Rufio rises to receive Caesar.

CAESAR (coming over to him). Why, Rufio! (Surveying his dress
with an air of admiring astonishment) A new baldrick! A new
golden pommel to your sword! And you have had your hair cut! But
not your beard--? Impossible! (He sniffs at Rufio's beard.) Yes,
perfumed, by Jupiter Olympus!

RUFIO (growling). Well: is it to please myself?

CAESAR (affectionately). No, my son Rufio, but to please me--to
celebrate my birthday.

RUFIO (contemptuously). Your birthday! You always have a birthday
when there is a pretty girl to be flattered or an ambassador to
be conciliated. We had seven of them in ten months last year.

CAESAR (contritely). It is true, Rufio! I shall never break
myself of these petty deceits.

RUFIO. Who is to dine with us--besides Cleopatra?

CAESAR. Apollodorus the Sicilian.

RUFIO. That popinjay!

CAESAR. Come! the popinjay is an amusing dog--tells a story;
sings a song; and saves us the trouble of flattering the Queen.
What does she care for old politicians and campfed bears like us?
No: Apollodorus is good company, Rufio, good company.

RUFIO. Well, he can swim a bit and fence a bit: he might be
worse, if he only knew how to hold his tongue.

CAESAR. The gods forbid he should ever learn! Oh, this military
life! this tedious, brutal life of action! That is the worst of
us Romans: we are mere doers and drudgers: a swarm of bees turned
into men. Give me a good talker--one with wit and imagination
enough to live without continually doing something!
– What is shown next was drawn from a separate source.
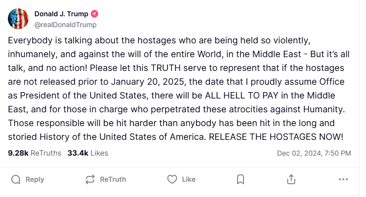 Alle snakker om gislene som blir holdt så brutalt, umenneskelig og mot hele verdens vilje, i Midtøsten – men det er bare prat, og ingen handling! La denne SANNHETEN tjene til å understreke at hvis gislene ikke blir løslatt før 20. januar 2025, datoen da jeg stolt tiltrer som USAs president, vil det bli et HELVETE Å BETALE i Midtøsten, og for de ansvarlige som begikk disse grusomhetene mot menneskeheten. De ansvarlige vil bli rammet hardere enn noen har blitt rammet i USAs lange og sagnomsuste historie. LØSLAT GISLENE NÅ!

RUFIO. Ay! a nice time he would have of it with you when dinner
was over! Have you noticed that I am before my time?

CAESAR. Aha! I thought that meant something. What is it?

RUFIO. Can we be overheard here?

CAESAR. Our privacy invites eavesdropping. I can remedy that. (He
claps his hands twice. The curtains are drawn, revealing the roof
garden with a banqueting table set across in the middle for four
persons, one at each end, and two side by side. The side next
Caesar and Rufio is blocked with golden wine vessels and basins.
A gorgeous major-domo is superintending the laying of the table
by a staff of slaves. The colonnade goes round the garden at both
sides to the further end, where a gap in it, like a great
gateway, leaves the view open to the sky beyond the western edge
of the roof, except in the middle, where a life size image of Ra,
seated on a huge plinth, towers up, with hawk head and crown of
asp and disk. His altar, which stands at his feet, is a single
white stone.) Now everybody can see us, nobody will think of
listening to us. (He sits down on the bench left by the two
slaves.)

RUFIO (sitting down on his stool). Pothinus wants to speak to
you. I advise you to see him: there is some plotting going on
here among the women.

CAESAR. Who is Pothinus?

RUFIO. The fellow with hair like squirrel's fur--the little
King's bear leader, whom you kept prisoner.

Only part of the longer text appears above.